EXERCISE DETAILS :: Write back every entry exactly as it reads, with the pictures left behind.
● ● ● ●
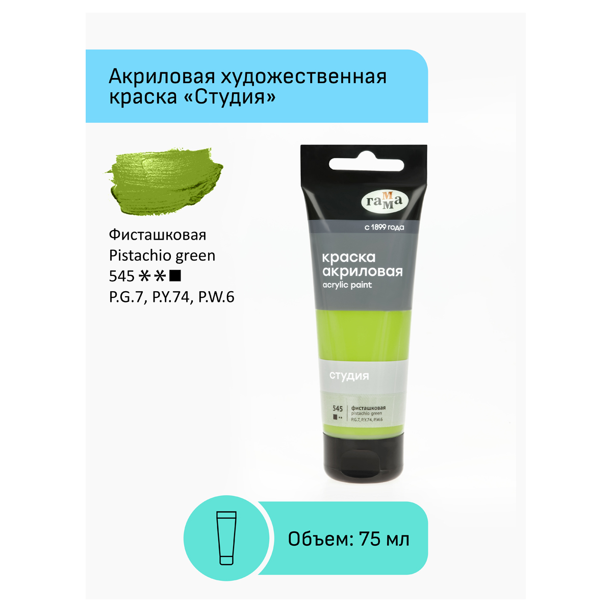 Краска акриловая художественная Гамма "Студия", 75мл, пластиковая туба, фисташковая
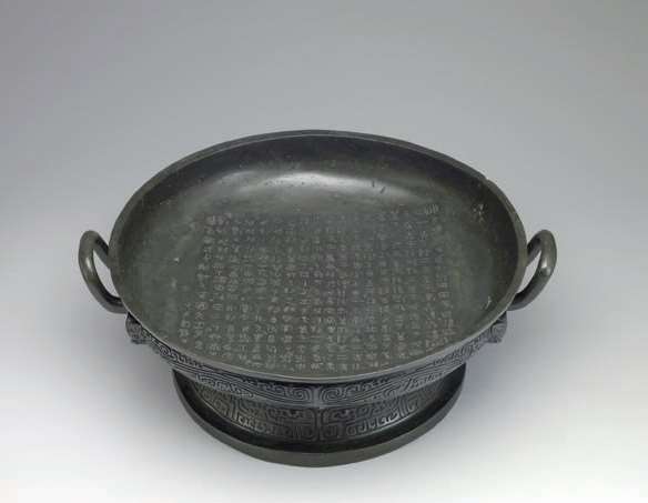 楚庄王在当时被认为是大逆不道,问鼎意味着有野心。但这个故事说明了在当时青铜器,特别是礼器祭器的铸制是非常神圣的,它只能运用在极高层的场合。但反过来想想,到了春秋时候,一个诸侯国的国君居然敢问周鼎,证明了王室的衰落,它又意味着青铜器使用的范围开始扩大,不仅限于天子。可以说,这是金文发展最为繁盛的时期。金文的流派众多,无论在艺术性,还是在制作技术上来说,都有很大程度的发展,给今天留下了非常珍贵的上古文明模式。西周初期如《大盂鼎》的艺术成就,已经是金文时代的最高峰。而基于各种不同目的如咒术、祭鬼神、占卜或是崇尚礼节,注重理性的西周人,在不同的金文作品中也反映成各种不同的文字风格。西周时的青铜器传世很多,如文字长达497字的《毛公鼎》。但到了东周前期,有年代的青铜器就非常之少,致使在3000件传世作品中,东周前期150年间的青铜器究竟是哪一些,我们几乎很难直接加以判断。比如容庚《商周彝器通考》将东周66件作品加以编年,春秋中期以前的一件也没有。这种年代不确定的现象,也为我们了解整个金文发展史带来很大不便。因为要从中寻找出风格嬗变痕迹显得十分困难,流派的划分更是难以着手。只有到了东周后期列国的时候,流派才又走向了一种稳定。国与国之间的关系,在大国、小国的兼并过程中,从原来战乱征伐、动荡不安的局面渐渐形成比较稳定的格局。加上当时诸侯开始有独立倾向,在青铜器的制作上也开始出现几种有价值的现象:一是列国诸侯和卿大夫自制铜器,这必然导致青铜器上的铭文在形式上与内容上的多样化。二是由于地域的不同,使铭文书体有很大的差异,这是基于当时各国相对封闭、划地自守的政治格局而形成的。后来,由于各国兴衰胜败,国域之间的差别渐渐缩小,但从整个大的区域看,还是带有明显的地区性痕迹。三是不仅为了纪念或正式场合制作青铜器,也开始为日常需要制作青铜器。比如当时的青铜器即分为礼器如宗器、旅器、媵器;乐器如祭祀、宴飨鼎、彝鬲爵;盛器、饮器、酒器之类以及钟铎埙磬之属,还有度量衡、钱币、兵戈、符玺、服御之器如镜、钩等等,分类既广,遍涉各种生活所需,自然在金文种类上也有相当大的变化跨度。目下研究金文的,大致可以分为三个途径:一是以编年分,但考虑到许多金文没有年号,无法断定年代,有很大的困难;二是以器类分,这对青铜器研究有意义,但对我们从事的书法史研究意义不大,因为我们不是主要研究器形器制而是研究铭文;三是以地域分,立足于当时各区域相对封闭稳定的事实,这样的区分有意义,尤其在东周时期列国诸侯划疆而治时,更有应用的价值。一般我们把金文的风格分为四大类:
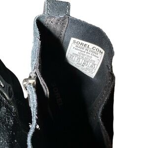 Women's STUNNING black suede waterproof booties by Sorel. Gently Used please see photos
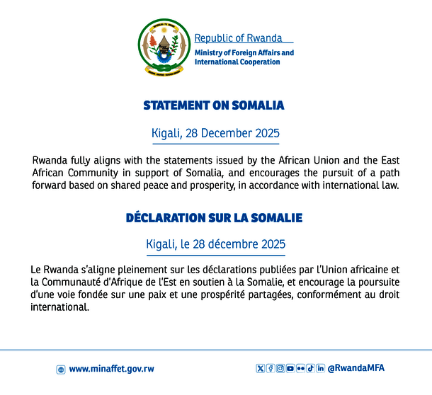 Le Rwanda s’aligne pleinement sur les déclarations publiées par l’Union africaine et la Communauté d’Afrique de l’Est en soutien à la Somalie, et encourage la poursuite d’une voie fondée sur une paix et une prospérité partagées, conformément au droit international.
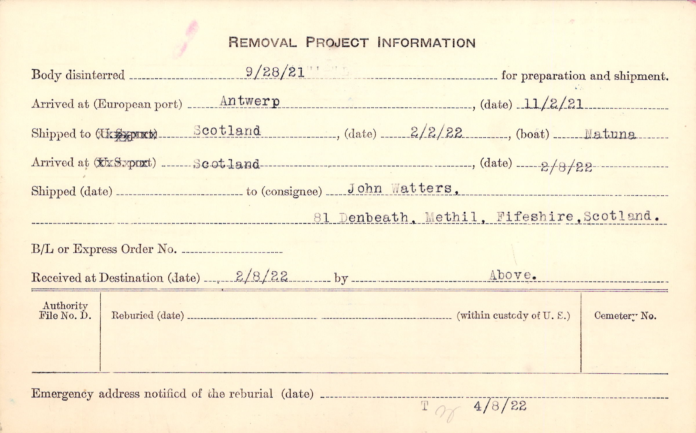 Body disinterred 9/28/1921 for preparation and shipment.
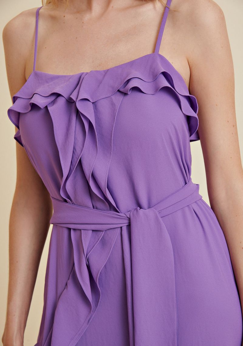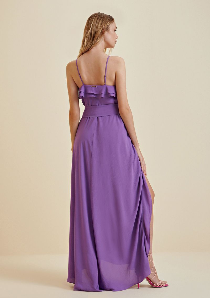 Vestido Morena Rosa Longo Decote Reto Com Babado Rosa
● ● ● ●
SOLUTION FOR THIS TASK ::
 Краска акриловая художественная Гамма "Студия", 75мл, пластиковая туба, фисташковая
 楚庄王在当时被认为是大逆不道,问鼎意味着有野心。但这个故事说明了在当时青铜器,特别是礼器祭器的铸制是非常神圣的,它只能运用在极高层的场合。但反过来想想,到了春秋时候,一个诸侯国的国君居然敢问周鼎,证明了王室的衰落,它又意味着青铜器使用的范围开始扩大,不仅限于天子。可以说,这是金文发展最为繁盛的时期。金文的流派众多,无论在艺术性,还是在制作技术上来说,都有很大程度的发展,给今天留下了非常珍贵的上古文明模式。西周初期如《大盂鼎》的艺术成就,已经是金文时代的最高峰。而基于各种不同目的如咒术、祭鬼神、占卜或是崇尚礼节,注重理性的西周人,在不同的金文作品中也反映成各种不同的文字风格。西周时的青铜器传世很多,如文字长达497字的《毛公鼎》。但到了东周前期,有年代的青铜器就非常之少,致使在3000件传世作品中,东周前期150年间的青铜器究竟是哪一些,我们几乎很难直接加以判断。比如容庚《商周彝器通考》将东周66件作品加以编年,春秋中期以前的一件也没有。这种年代不确定的现象,也为我们了解整个金文发展史带来很大不便。因为要从中寻找出风格嬗变痕迹显得十分困难,流派的划分更是难以着手。只有到了东周后期列国的时候,流派才又走向了一种稳定。国与国之间的关系,在大国、小国的兼并过程中,从原来战乱征伐、动荡不安的局面渐渐形成比较稳定的格局。加上当时诸侯开始有独立倾向,在青铜器的制作上也开始出现几种有价值的现象:一是列国诸侯和卿大夫自制铜器,这必然导致青铜器上的铭文在形式上与内容上的多样化。二是由于地域的不同,使铭文书体有很大的差异,这是基于当时各国相对封闭、划地自守的政治格局而形成的。后来,由于各国兴衰胜败,国域之间的差别渐渐缩小,但从整个大的区域看,还是带有明显的地区性痕迹。三是不仅为了纪念或正式场合制作青铜器,也开始为日常需要制作青铜器。比如当时的青铜器即分为礼器如宗器、旅器、媵器;乐器如祭祀、宴飨鼎、彝鬲爵;盛器、饮器、酒器之类以及钟铎埙磬之属,还有度量衡、钱币、兵戈、符玺、服御之器如镜、钩等等,分类既广,遍涉各种生活所需,自然在金文种类上也有相当大的变化跨度。目下研究金文的,大致可以分为三个途径:一是以编年分,但考虑到许多金文没有年号,无法断定年代,有很大的困难;二是以器类分,这对青铜器研究有意义,但对我们从事的书法史研究意义不大,因为我们不是主要研究器形器制而是研究铭文;三是以地域分,立足于当时各区域相对封闭稳定的事实,这样的区分有意义,尤其在东周时期列国诸侯划疆而治时,更有应用的价值。一般我们把金文的风格分为四大类:
 Women's STUNNING black suede waterproof booties by Sorel. Gently Used please see photos
 Le Rwanda s’aligne pleinement sur les déclarations publiées par l’Union africaine et la Communauté d’Afrique de l’Est en soutien à la Somalie, et encourage la poursuite d’une voie fondée sur une paix et une prospérité partagées, conformément au droit international.
 Body disinterred 9/28/1921 for preparation and shipment.
 Vestido Morena Rosa Longo Decote Reto Com Babado Rosa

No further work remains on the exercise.